* [How to complete this task]
Strip out all images, then restate the data verbatim.

* [The data]
★ ★ ★
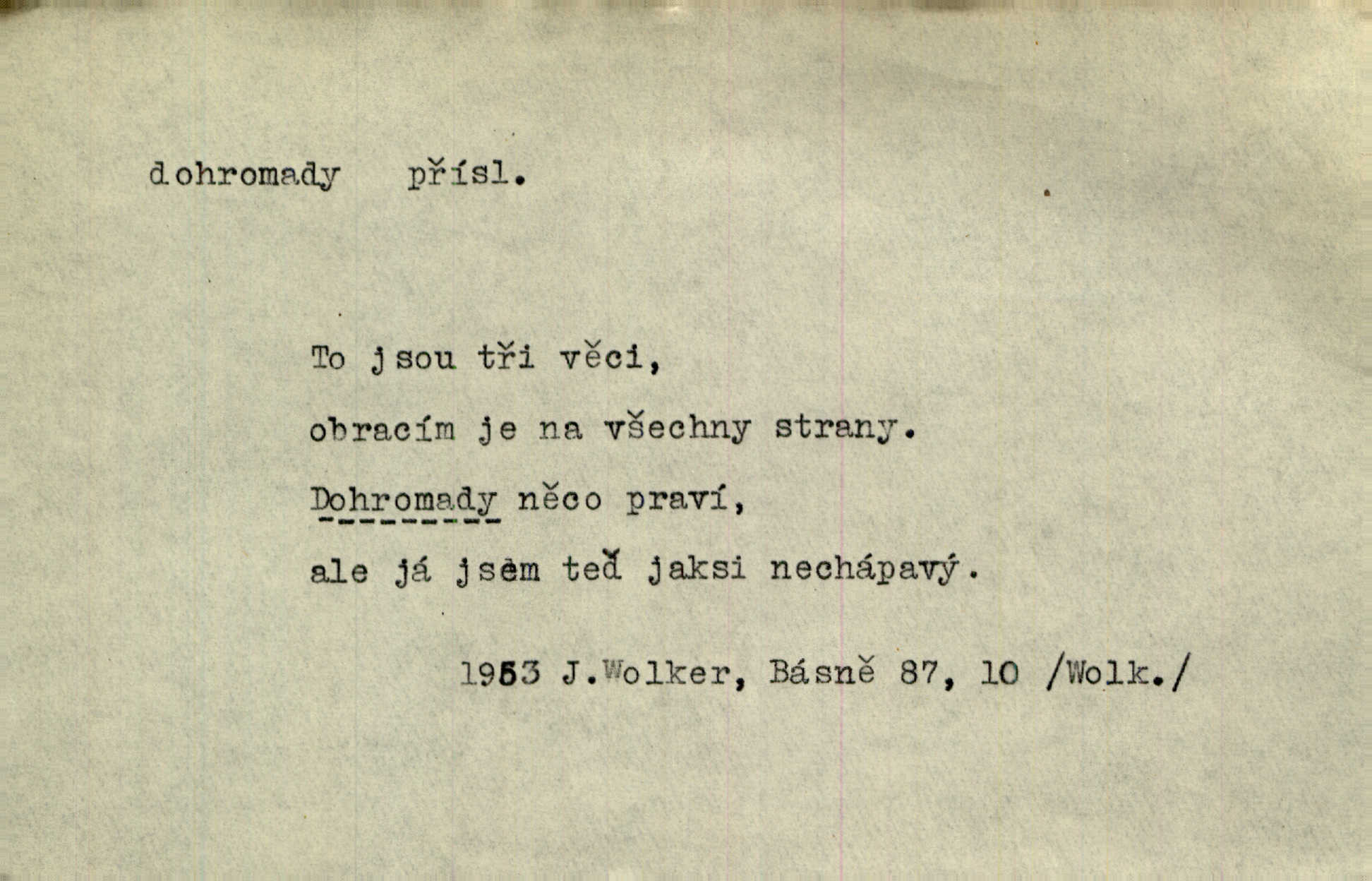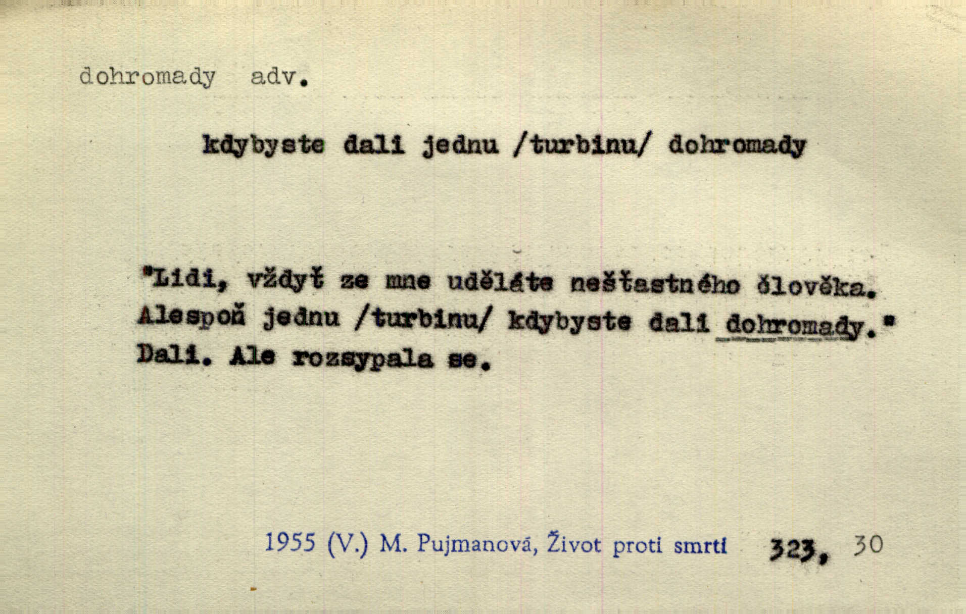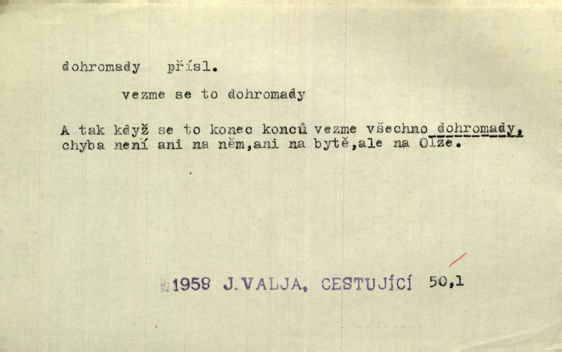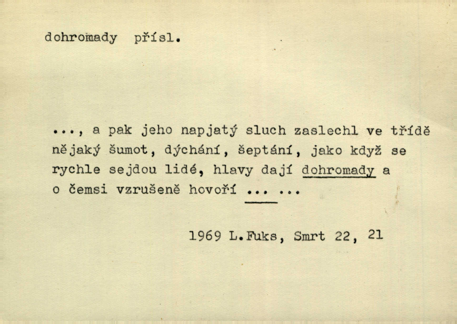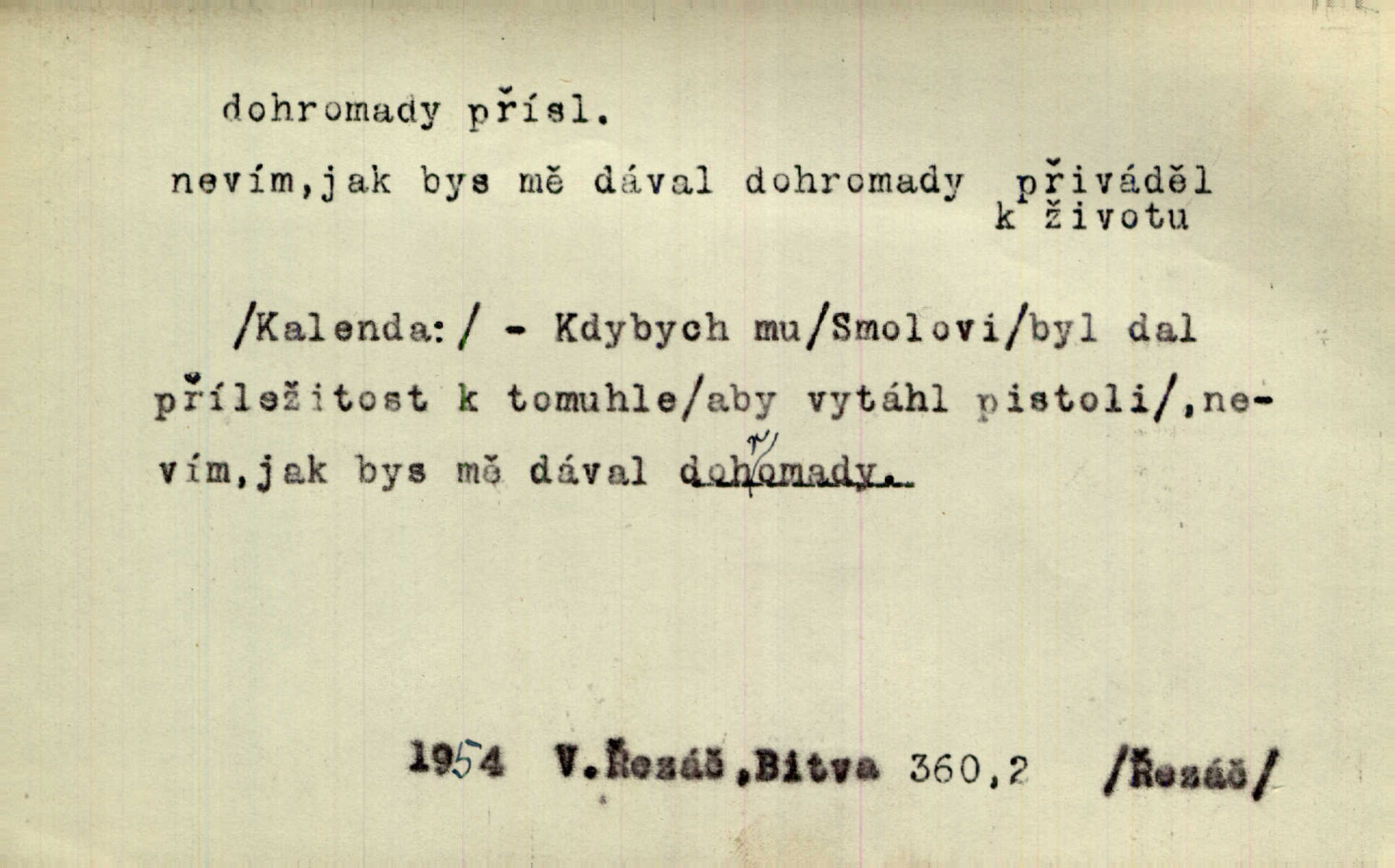- dohromady adv. k sobě, v celek, společně, pospolu. Svažte ty otýpky dohromady otýpky, z nichž každá je svázána, svažte v hromadný celek. Hajný skládal pušku [rozebranou] dohromady. Svob. Úloha byla trudná: svésti všechny ty osoby na plese tak dohromady, aby po celý akt maškarní ples trval zajímavým. Durd. Pracovat s vámi dohromady je nebezpečno! Nejste spolehlivý! ve spolku s vámi. Čap. Ch. Oficírská šavle a naše břinkovka to nejde dohromady nesnáší se. Rais. S jedné strany má turkyň a soused žid s druhé strany řepu, to nehraje dohromady nehodí se k sobě. Herb. Trvalo jí chvilku, než si v hlavě dala dohromady, že to je „ten pravař“ uvědomila si. H. Dvoř. Již se [kramáři] dostali dohromady, klejí, nadávají si do hádky. Prav. Baby sedící v hospodě pod okny strkaly hlavy dohromady: Všimly ste si, tetko? šuškaly si. Herb. Namluvíš si fešnou holku… dáte se dohromady budete žíti spolu. Kronb. Dejte něco dohromady zaranžujte. Kronb. Seberte rozum dohromady uvažte dobře! Něm. Přišli dva sedláci, jeden měl hřebce, druhý kobylu. Oba koně ale měli dohromady v společném majetku. Něm. D celkem, úhrnem, vesměs. Zaznamenává dohromady 1558 čísel [valdštejské literatury]. Pekárek. Slova, lesklé věty a dohromady nic. Mach.
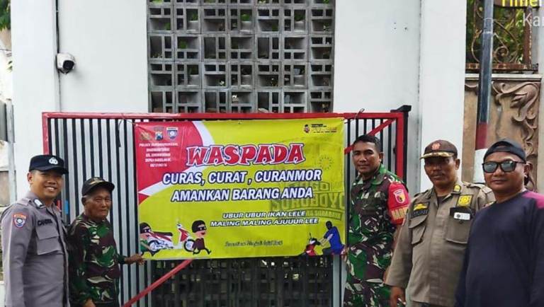 SURABAYA, MEMORANDUM.CO ID - Polsek Sukomanunggal bersama dengan unsur TNI dan perwakilan masyarakat yang tergabung dalam 3 Pilar Kelurahan Sono Kwijenan, Kecamatan Sukomanunggal, Surabaya, menggelar kegiatan Sambang Warga dan pemasangan imbauan kamtibmas, Rabu 26 Maret 2025.
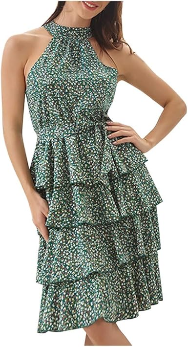 Farjing Women S Halter Neck Floral Summer Dress Casual Sundress
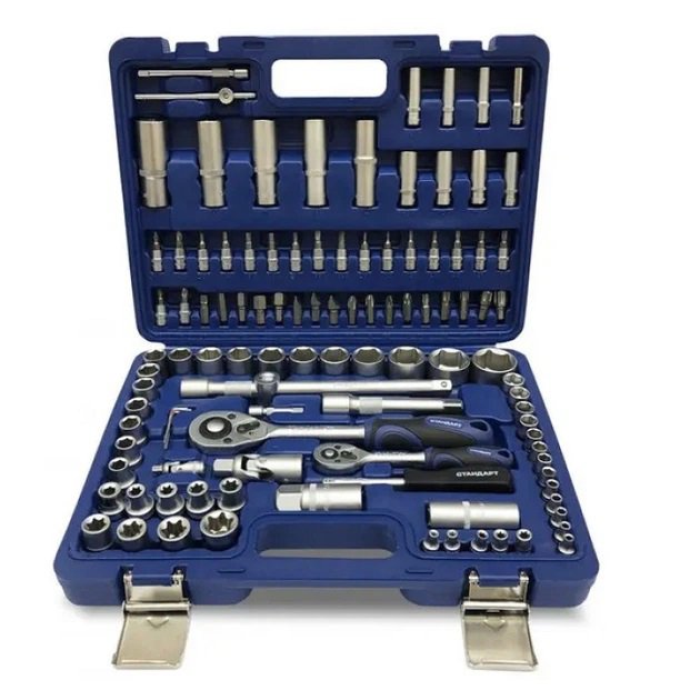 Цей набір інструментів в кейсі зібрав у себе все необхідне для роботи з будь-якими різьбовими кріпленнями і навіть більше! Трискачки, головки, подовжувачі, головки з насадками, біти, кардани, головки »зірочки& і ще цілий кейс такого необхідного будинку інструменту.
★ ★ ★
* [Answer]
- dohromady adv. k sobě, v celek, společně, pospolu. Svažte ty otýpky dohromady otýpky, z nichž každá je svázána, svažte v hromadný celek. Hajný skládal pušku [rozebranou] dohromady. Svob. Úloha byla trudná: svésti všechny ty osoby na plese tak dohromady, aby po celý akt maškarní ples trval zajímavým. Durd. Pracovat s vámi dohromady je nebezpečno! Nejste spolehlivý! ve spolku s vámi. Čap. Ch. Oficírská šavle a naše břinkovka to nejde dohromady nesnáší se. Rais. S jedné strany má turkyň a soused žid s druhé strany řepu, to nehraje dohromady nehodí se k sobě. Herb. Trvalo jí chvilku, než si v hlavě dala dohromady, že to je „ten pravař“ uvědomila si. H. Dvoř. Již se [kramáři] dostali dohromady, klejí, nadávají si do hádky. Prav. Baby sedící v hospodě pod okny strkaly hlavy dohromady: Všimly ste si, tetko? šuškaly si. Herb. Namluvíš si fešnou holku… dáte se dohromady budete žíti spolu. Kronb. Dejte něco dohromady zaranžujte. Kronb. Seberte rozum dohromady uvažte dobře! Něm. Přišli dva sedláci, jeden měl hřebce, druhý kobylu. Oba koně ale měli dohromady v společném majetku. Něm. D celkem, úhrnem, vesměs. Zaznamenává dohromady 1558 čísel [valdštejské literatury]. Pekárek. Slova, lesklé věty a dohromady nic. Mach.
 SURABAYA, MEMORANDUM.CO ID - Polsek Sukomanunggal bersama dengan unsur TNI dan perwakilan masyarakat yang tergabung dalam 3 Pilar Kelurahan Sono Kwijenan, Kecamatan Sukomanunggal, Surabaya, menggelar kegiatan Sambang Warga dan pemasangan imbauan kamtibmas, Rabu 26 Maret 2025.
 Farjing Women S Halter Neck Floral Summer Dress Casual Sundress
 Цей набір інструментів в кейсі зібрав у себе все необхідне для роботи з будь-якими різьбовими кріпленнями і навіть більше! Трискачки, головки, подовжувачі, головки з насадками, біти, кардани, головки »зірочки& і ще цілий кейс такого необхідного будинку інструменту.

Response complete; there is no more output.